A related and very popular analysis technique is dependency analysis. This is typically used to analyze how different architecture elements rely on each other in the operation of the enterprise. Next to simply traversing the relationships in your models, you can also use this structure to compute aggregate properties of your architecture or processes.
This is quite useful for defining business-oriented KPIs based on various attributes of your IT landscape. For example, it can help calculate the availability of your business capabilities based on the reliability of the underlying applications, which in turn depends on that of the underlying infrastructure.

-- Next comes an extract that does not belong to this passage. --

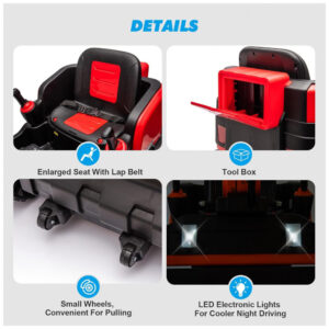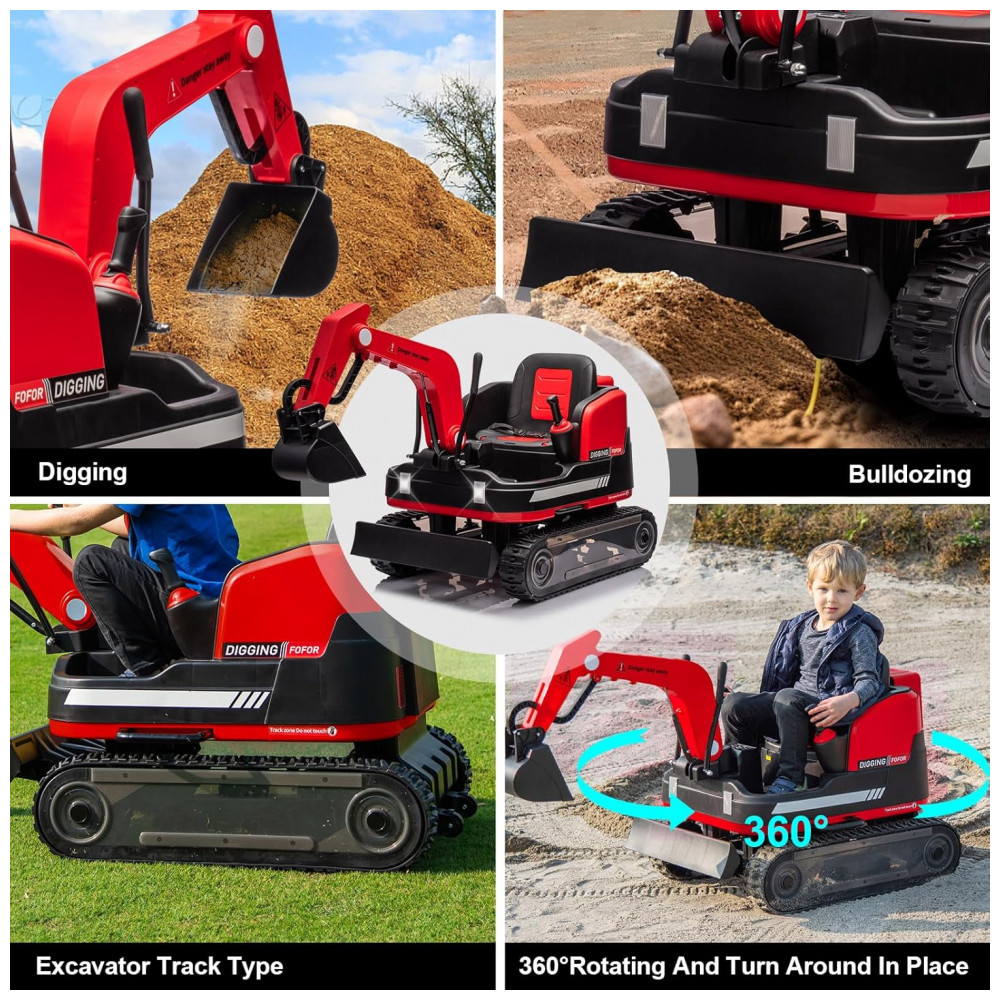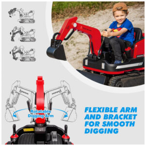 Escavadeira Infantil Elétrica JOYLDIAS Vermelha 12V 360° Rotativa Buldôzer Controle Remoto MP3 USB Trilhos Multi-Terreno Toolbox

This is often an eyeopener for IT managers who think they are doing well. If a single application has a 99% availability but your business capability needs 30 of those to work in concert, your aggregate availability is less than 75% (0.9930 ≈ 0.739). A presentation by United Airlines at the Business Architecture Innovation Summit in Brussels in June 2017 addressed exactly this topic: using capabilities to define business-driven IT metrics.
For instance, consider the heat map in Figure 2 showing the availability of part of the back-office applications in a hypothetical organization. Most are green(ish), which in this color coding implies an availability greater than 98%, so not much to worry about, right?
Figure 2: Heat map showing availability of back-office applications
Now look at the partial capability map in Figure 3, which is from the same model and uses the same color coding, but shows the total availability of each capability based on all its supporting IT. That looks a lot less rosy, doesn’t it?
Using heat maps of your business capabilities like the one above immediately highlights where management needs to focus its attention, and the structure of your models allows them to drill down into the underlying issues. In the example, it might make sense to start with capabilities such as ‘Customer order management’ and their supporting IT.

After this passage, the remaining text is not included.